*Instructions for the task:* Take nothing but the lines from the one with "GVK EMRI 108" through the one with "4月24日下午,联合一党支部" in the entries below, both ends kept, and return them exactly with pictures left out.

*Provided information:*
——

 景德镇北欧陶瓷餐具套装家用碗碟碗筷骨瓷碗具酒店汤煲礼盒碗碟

——

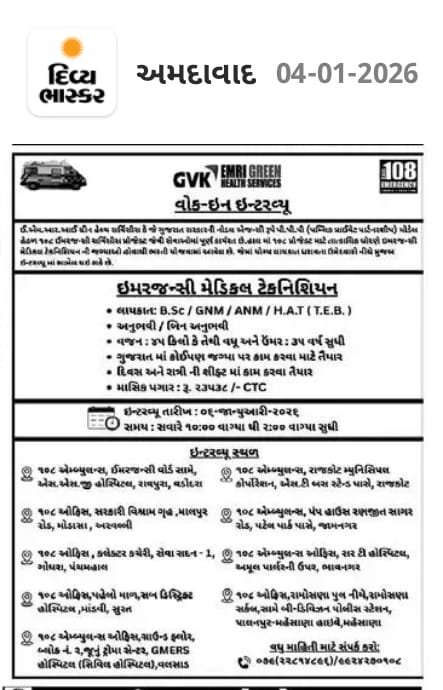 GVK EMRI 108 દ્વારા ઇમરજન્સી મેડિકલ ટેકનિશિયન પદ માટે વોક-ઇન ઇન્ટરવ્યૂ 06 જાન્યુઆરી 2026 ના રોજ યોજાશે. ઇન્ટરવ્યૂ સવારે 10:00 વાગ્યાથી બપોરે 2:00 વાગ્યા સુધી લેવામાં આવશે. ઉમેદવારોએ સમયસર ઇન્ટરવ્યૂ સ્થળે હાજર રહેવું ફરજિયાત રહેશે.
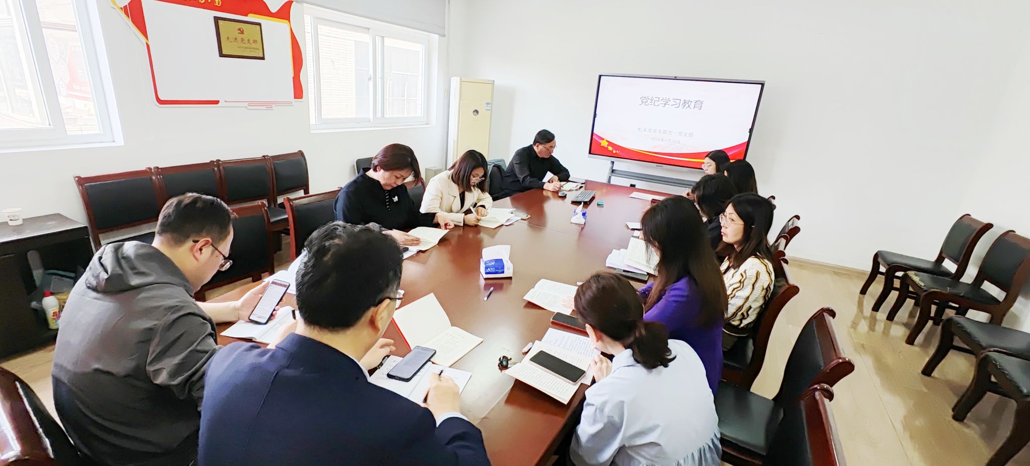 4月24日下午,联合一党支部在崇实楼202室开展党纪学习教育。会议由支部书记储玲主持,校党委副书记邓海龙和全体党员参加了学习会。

——

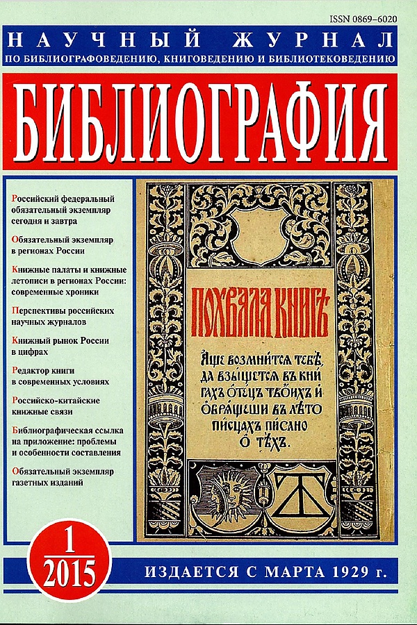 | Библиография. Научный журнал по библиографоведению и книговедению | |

——

*Task answer:*
 GVK EMRI 108 દ્વારા ઇમરજન્સી મેડિકલ ટેકનિશિયન પદ માટે વોક-ઇન ઇન્ટરવ્યૂ 06 જાન્યુઆરી 2026 ના રોજ યોજાશે. ઇન્ટરવ્યૂ સવારે 10:00 વાગ્યાથી બપોરે 2:00 વાગ્યા સુધી લેવામાં આવશે. ઉમેદવારોએ સમયસર ઇન્ટરવ્યૂ સ્થળે હાજર રહેવું ફરજિયાત રહેશે.
 4月24日下午,联合一党支部在崇实楼202室开展党纪学习教育。会议由支部书记储玲主持,校党委副书记邓海龙和全体党员参加了学习会。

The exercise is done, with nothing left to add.